4.2. Interpretation. Nothing herein contained shall be deemed to
require a Fund or the Trust to take any action contrary to the Trust's
Declaration of Trust or By-Laws, or any applicable statutory or regulatory
requirement to which it is subject or by which it is bound, or to relieve or
deprive the Trust's Board of Trustees of its responsibility for and control of
the conduct of the affairs of the Trust or the Funds.

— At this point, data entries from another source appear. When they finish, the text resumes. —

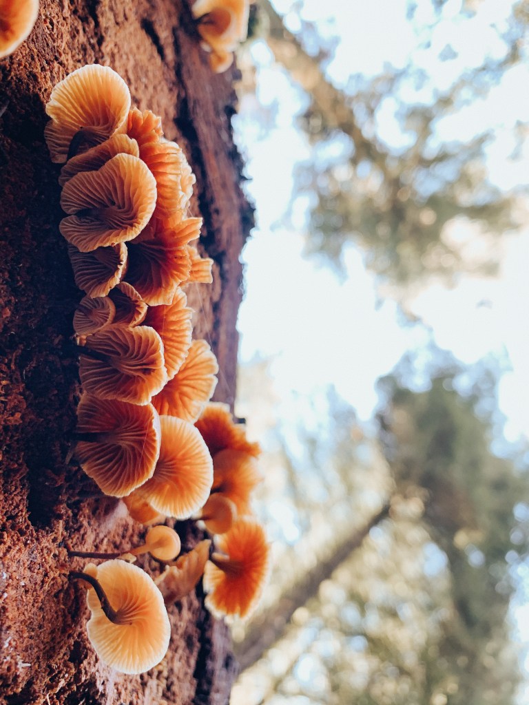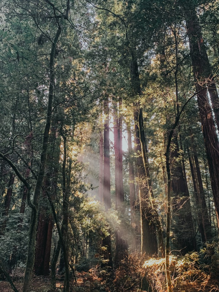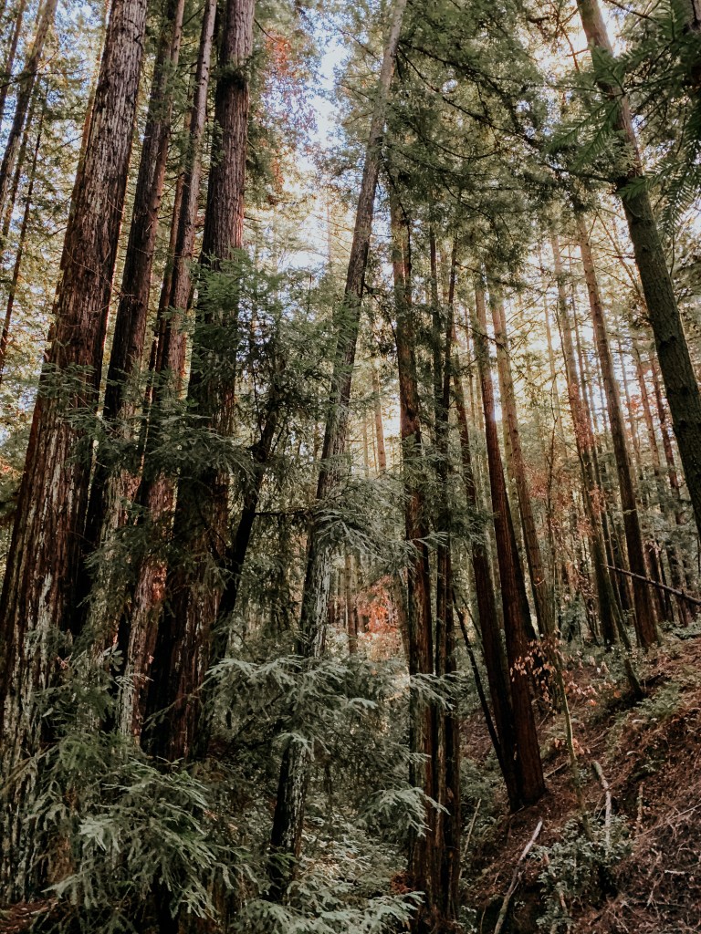 On a warm Saturday morning, my love and I set out with two of our friends to one of our local state parks: Henry Cowell. It was gorgeous, the way the morning light streamed through the trees and the birds sang overhead. The cold hit us instantly as we walked on the dirt path, so we got moving to keep warm.
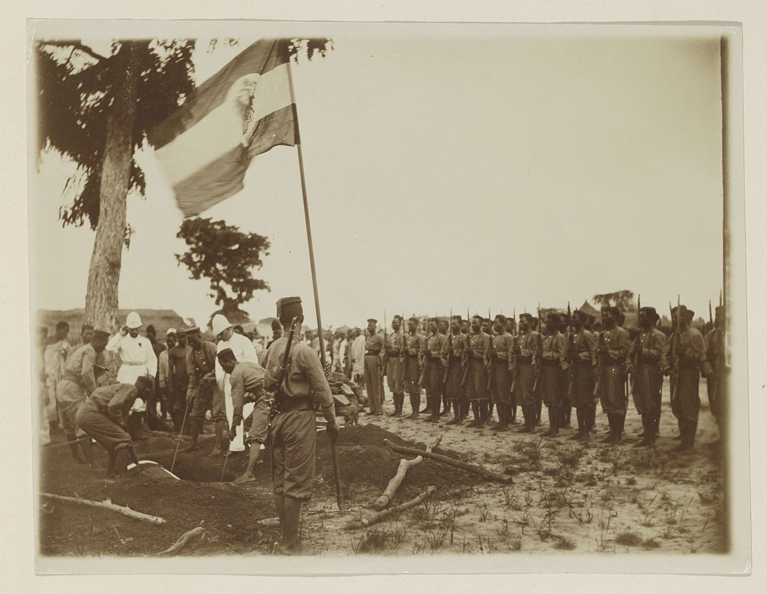 Militaire begrafenis met Afrikaanse erewacht, vlag e...
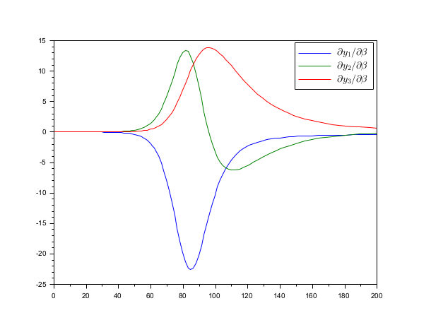 function dydt=sir(t, y, p) β = p(2); γ = p(3); dydt = [-β*y(1)*y(2) β*y(1)*y(2)-γ*y(2) γ*y(2)]; end y20 = 1e-6; β = 0.2; γ = 0.05; y0 = [1-y20; y20; 0]; [t,y,info] = cvode(sir, [0 200], y0, sensPar = [y20;β;γ], yS0 = [-1 0 0 ;1 0 0;0 0 0], method="BDF"); plot(t',squeeze(info.s(2,2:3,:))') legend("$\Large\partial y_2/\partial"+["\beta","\gamma"]+"$");
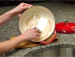 - EASY TO CLEAN: The enamel interior minimizes sticking and is resistant to chipping and staining. In order to keep your Dutch Oven in good condition wash by hand only with a soft sponge and mild soap, do not immerse in water for long periods of time
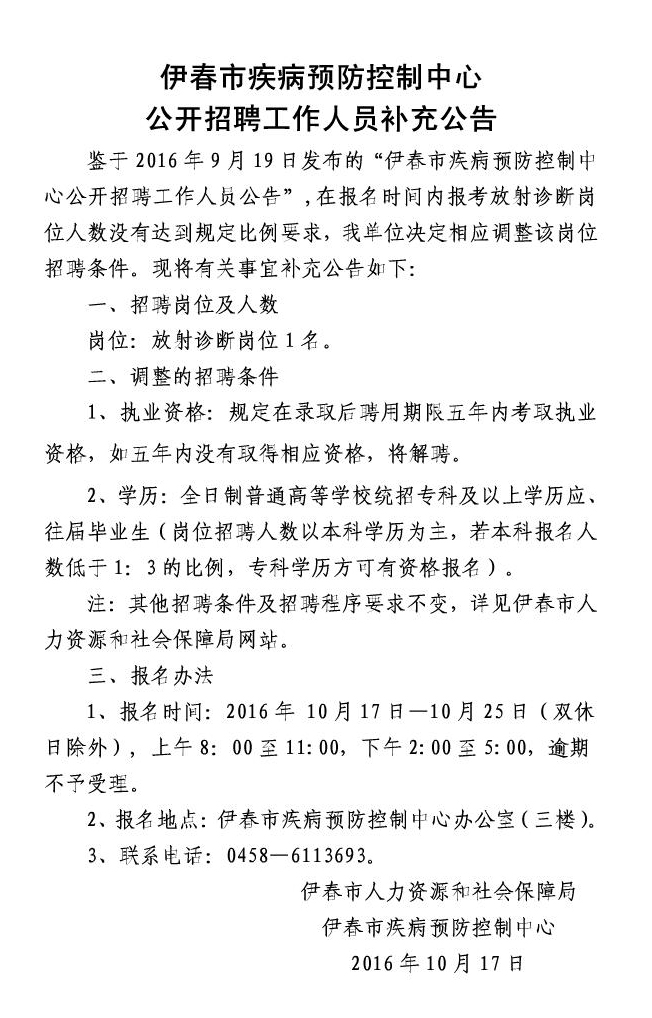 原標(biāo)題:伊春市疾病預(yù)防控制中心公開招聘工作人員補(bǔ)充公告
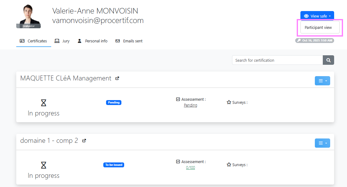 Depending on your settings, your candidates have the possibility to see their current and/or completed certificates but also to see scores, results of evaluation grids or to launch a session or evaluation.
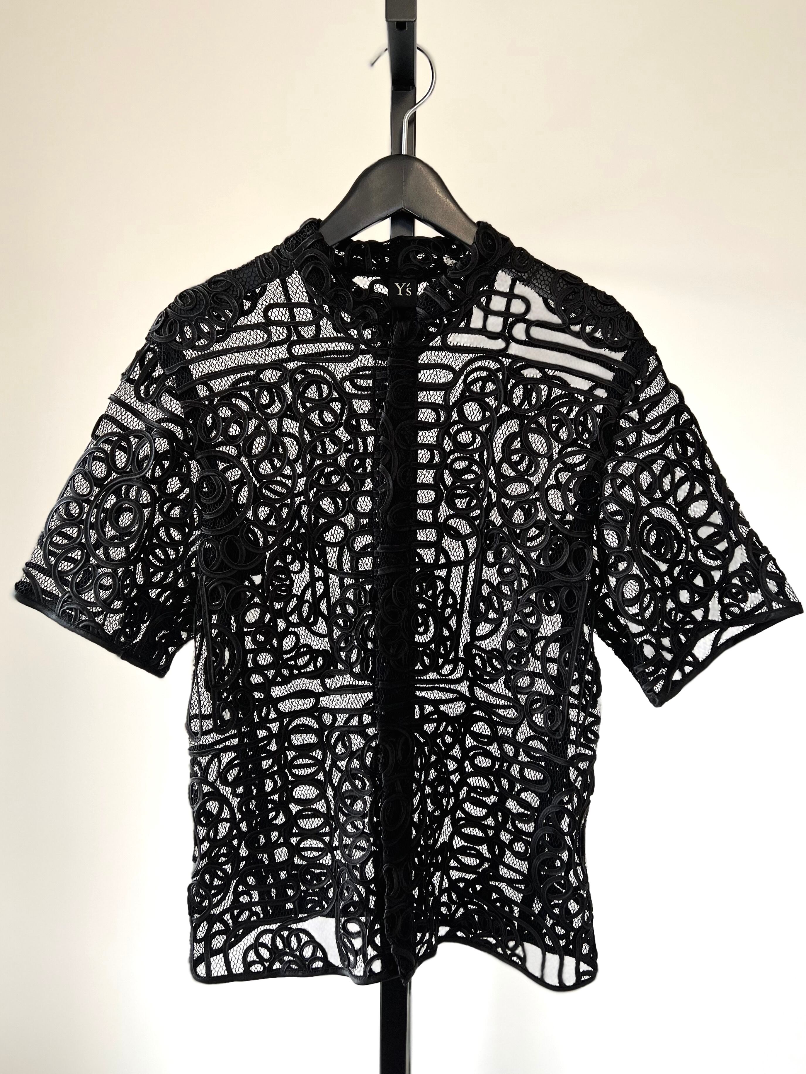 シアーな素材にグルグル刺繍のようなコードデザインが施されたY’sのスタンドカラーシャツ。
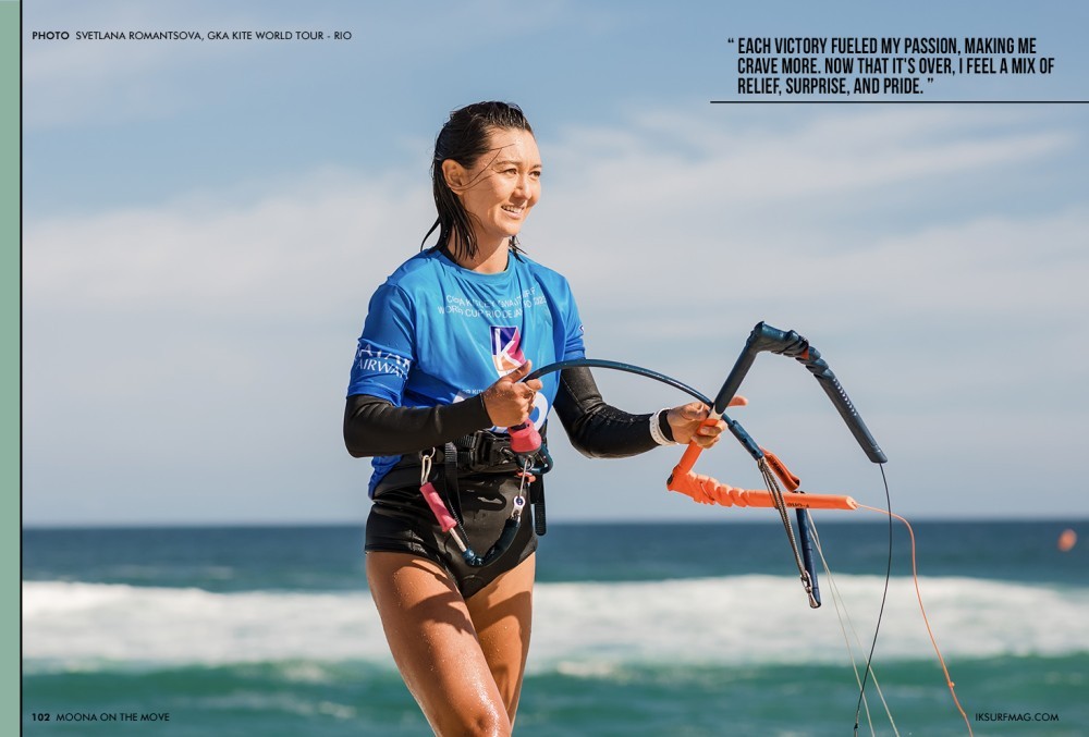 When I got out of the water, I heard the beach announcer say, "Moona Whyte, World Champion!". I knew there must be a mistake! But, sure enough, Nia had not landed her jumps, and I had won the heat. The relief of that heat and the confidence boost it gave me kept me relaxed enough during the final against Bowien to take the win once again! It didn't feel real, and I was still mentally focused on kiting, so as soon as I could, I went out on my kite again.
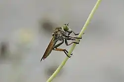 Nas florestas de abeto-pinheiro no Maine, as larvas de Choristoneura fumiferana em estágios finais são predadas por vespas, como A. adiabatus [en] e E. leucomelas. Essa predação é importante para controlar as populações de lagartas em povoamentos florestais.[40]
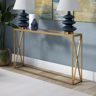 Featuring modern geometric sides, this console table is the perfect addition to your living room or entryway. The glass tabletop can hold up to 40 lbs and will welcome any guest with the beautiful view of flowers, your favorite photos and any other trinket you choose. The neutral metallic finish allows it to blend seamlessly with your existing color scheme and decor style.
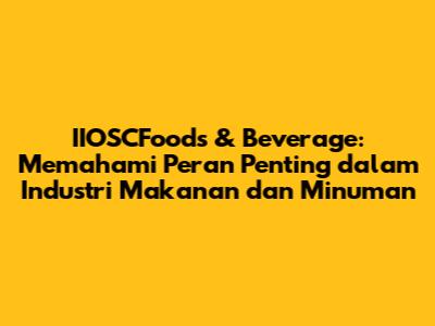 IIOSCFoods & Beverage memainkan peran yang sangat penting dalam industri makanan dan minuman secara keseluruhan. Peran penting IIOSCFoods & Beverage ini mencakup berbagai aspek, mulai dari produksi, distribusi, hingga pemasaran. Berikut beberapa poin pentingnya:
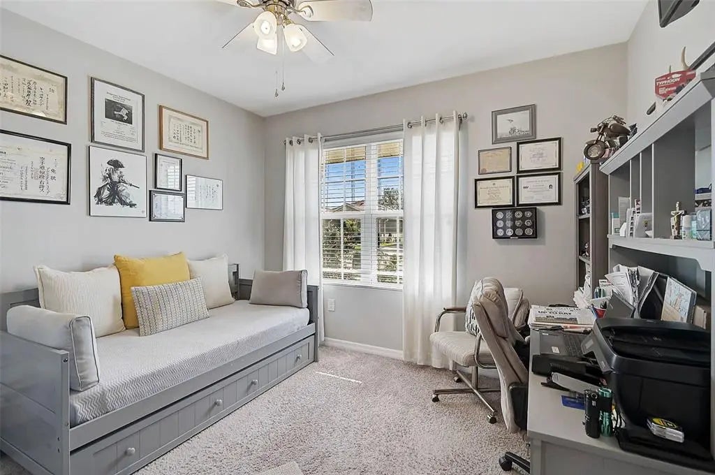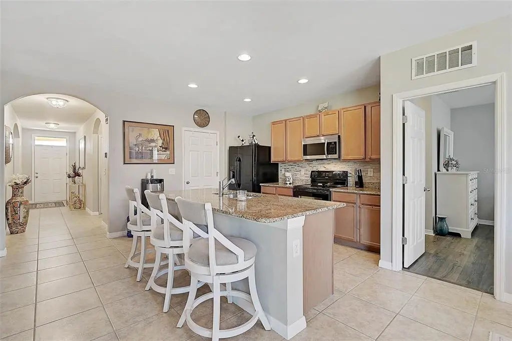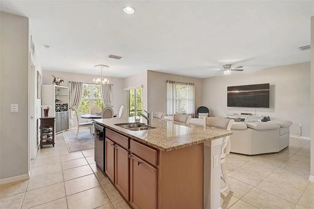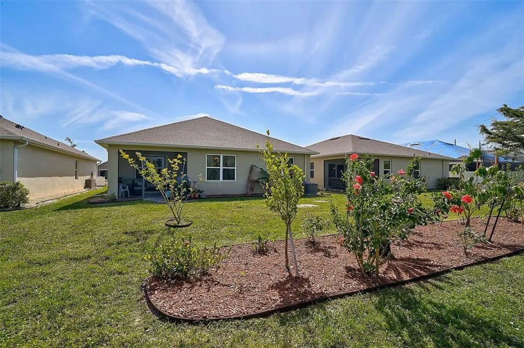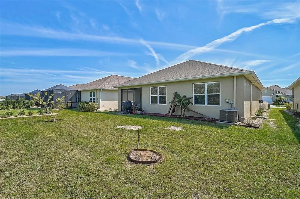 Under contract-accepting backup offers. Uncover Your Dream Home with Unmatched Elegance and Spacious Living! Welcome to Rapalo, an exceptional residence that seamlessly blends exquisite tile flooring with a bright, open living area perfect for relaxation or lively gatherings. With a brand-new roof installed in November 2024, you can transition into your new home with complete peace of mind! Picture yourself entertaining friends around the generous kitchen island, surrounded by luxurious granite countertops, an updated stylish backsplash, and a sleek microwave that elevates the heart of your home. The thoughtfully designed split floor plan provides ultimate privacy, with the Primary Suite thoughtfully separated from the additional bedrooms. This tranquil sanctuary features a private ensuite, ensuring you wake up refreshed and rejuvenated each day. Every room in this meticulously maintained home showcases modern finishes, ready for you to infuse your personal touch. Looking for a dedicated workspace? The versatile office/flex room is ideal for your remote work needs. Step outside to a spacious backyard and unwind in the screened-in lanai, a fantastic retreat for relaxation or entertaining guests. Embrace the perks of a lively community, just steps away from a refreshing pool—your perfect spot for cool dips and social gatherings. Plus, with no CDD fees, you can fully enjoy all the benefits of this fantastic neighborhood without any additional costs! This home beautifully combines style, comfort, and privacy, all within an expertly maintained setting. Located just minutes from shopping, dining, and only a quick 10-minute trip to breathtaking beaches, it truly offers the ultimate lifestyle. Don’t let this opportunity slip away—schedule your showing today and discover why this home could be your perfect match!

4.3. Definitions. Any question of interpretation of any term or
provision of this Agreement, including but not limited to the investment
management fee, the computations of net asset values, and the allocation of
expenses, having a counterpart in or otherwise derived from the terms and
provisions of the Management Agreement with respect to a Fund or the 1940 Act,
shall have the same meaning as and be resolved by reference to such Management
Agreement or the 1940 Act.
4.4. Amendments. This Agreement may be amended only by a written
agreement signed by each of the parties hereto.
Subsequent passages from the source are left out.